In Subtext, Liz Allan's brother, Mark Allan (Eric Lopez) has a gambling addiction. After getting deep in debt, Mark gets sold out by his bookie, agreeing to "call it even" if Mark acts as the subject of a scientific experiment. Specifically, Green Goblin uses him as a new test subject for his super-power procedure, which uses nanobots to modify a subject uniformly. The procedure turns Mark Allan into Molten Man, with skin as hot as molten lava and the ability to create and throw balls of molten lava. Mark didn't ask for these powers, nor does he want them; all he wants is to gain control over them. Green Goblin offers to give him that control, but only if he destroys Spider-Man. This episode is presented out of sequence, starting with one scene, then filling in some backstory, then fleshing out the original scene a bit more, and so forth. It is an interesting technique that heightens appreciation of certain parts, but will likely be confusing for some people. If you gave up on watching the movie Memento because you couldn't keep track of what was going on, then Subtext is likely to be at least a little annoying.

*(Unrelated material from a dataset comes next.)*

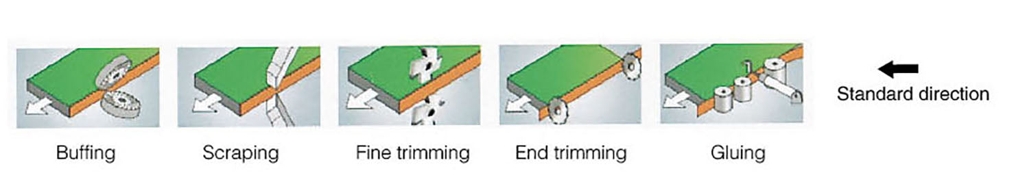 Gluing - End cutting - Fine trimming - Scraping - Buffing
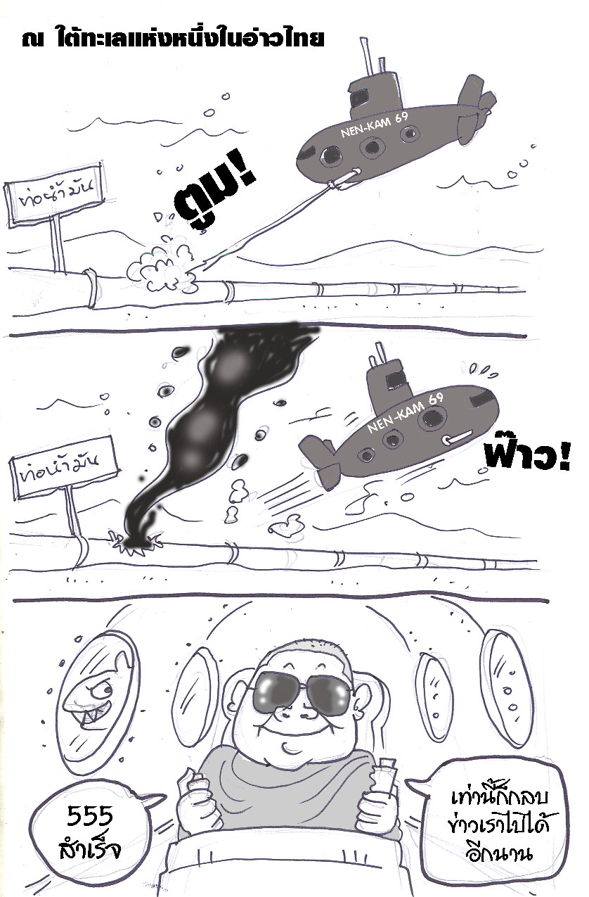 สถานการณ์น้ำมันรั่วทะเลไทยกำลังนำไปสู่ความขัดแย้ง...แต่อย่าลืมจนปล่อยให้คนชั่วลอยนวลนะครับ เขียนขำๆ คลายเครียดครับ หรือจะเครียดมากขึ้นก็ไม่ว่ากัน ...ไม่เหมาะสมอย่างไร ขออภัยด้วยนะครับ (แรงบันดาลใจจากกระทู้บางกระทู้ในพันทิพย์ครับ)

Opening Night is just that... opening night for the school production of A Midsummer Night's Dream, featuring Liz Allan (Alanna Ubach), Gwen Stacy (Lacey Chabert), Mary Jane Watson (Vanessa Marshall) and several other friends of high school student Peter Parker (Josh Keaton), Spider-Man's nerdy secret identity. It also happens to be the night that a new, high-security, specifically-intended-to-contain-super-villains wing called the Vault at Ryker's Prison is brought online. Spider-Man has volunteered to test it out and see just how escape-proof it really is. Spidey's plan is simple... give it his best shot, then success or no, make it out of there in time to make it to the play. However, Green Goblin takes control of the prison and lets the inmates out, making it Spidey versus, well, everybody. The web-head does at least get a little help from Black Cat (Tricia Helfer), who just happens to be breaking into the prison at the time. This particular episode was interestingly lyrical, with rhyming lines coming from onstage and off - as Green Goblin waxes poetic during the prison fiasco.

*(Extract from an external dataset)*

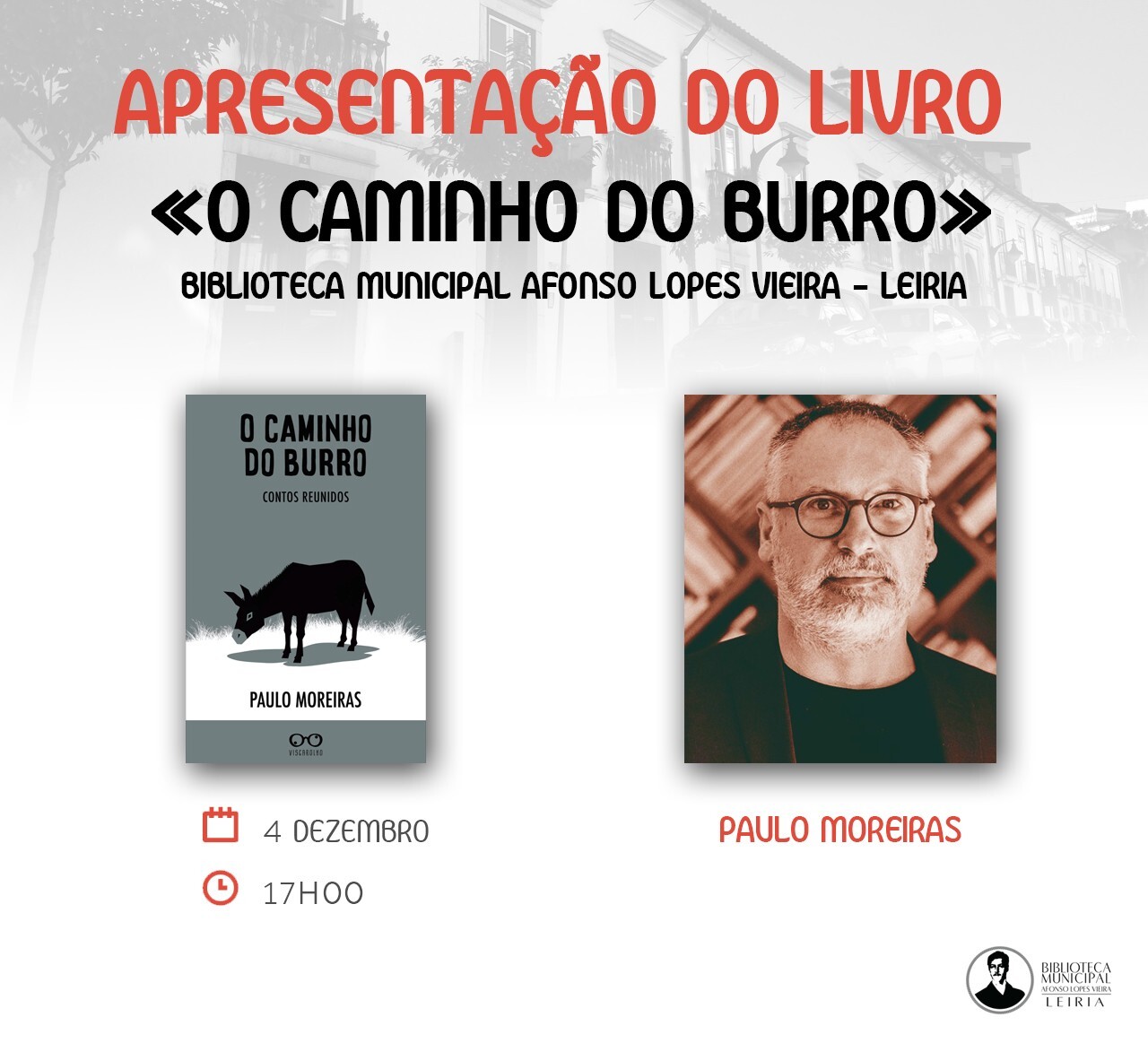 O novo livro de Paulo Moreiras, “O Caminho do Burro”, será apresentado no próximo dia 4 de dezembro, pelas 17h00, na Biblioteca Municipal de Leiria, com a presença do autor e de Luís Mourão.

Final Curtain is the final curtain in more ways than one. For one, Peter Parker ends his relationship with Liz, in order to be with Gwen Stacey. Spider-Man decides to unmask and take out Green Goblin, first thinking that Harry Osborne (James Arnold Taylor) was juicing again and had become the Green Goblin, then, after finding that he couldn't have been the Goblin, and that Norman Osborne (Alan Rachins) also couldn't be the Green Goblin (as he had been seen at the same place and time as Green Goblin), leading to one confused neighborhood Spider-Man who has his work cut out for him. This episode is the last episode in Volume 8, and the last episode in Season Two. Currently, it looks like Final Curtain could very well be the last show in the series, period, making this episode's name, sadly, very apt indeed.

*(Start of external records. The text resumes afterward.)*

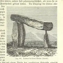 Les dolmens sont des édifices préhistoriques repris par les celtes, les dolmens celtes sont identifiables par leur utilisation du chiffre 3, en effet, force a été de constater que le peuple celtique plaçait les dolmens sur trois pierres et non deux comme il était aurait été simple de faire.
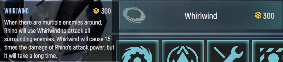 增加基础移动速度5点,降低攻击间隔0.2秒。请注意,犀牛的实际攻击间隔将为0.6秒,而非0.5秒。 这项对犀牛而言重要的技术能让它更快抵达目标位置,在途中击溃敌人。 Field Maintenance
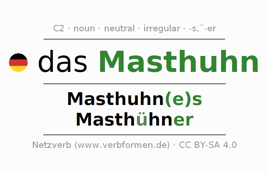 - Plural: die Masthühner, der Masthühner, den Masthühnern, die Masthühner
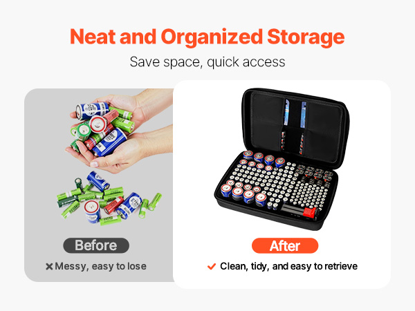 With separate compartments for different battery types and sizes, this battery storage organizer reduces the risk of batteries scattering or getting lost. It allows for fast and accurate retrieval, saving time by avoiding the need for extensive searching.

Volume 8 was definitely entertaining, but possibly more for direction choices, such as the chronology approach in Subtext and the rhyming in Opening Night, rather than direction, perhaps. Some things seem unresolved, such as the fate of Mark Allan/Molten Man, which will be more acceptable if the series gets picked up and continued, but as it stands, with the rights to making the show going from Sony back to Marvel, it may not be continued.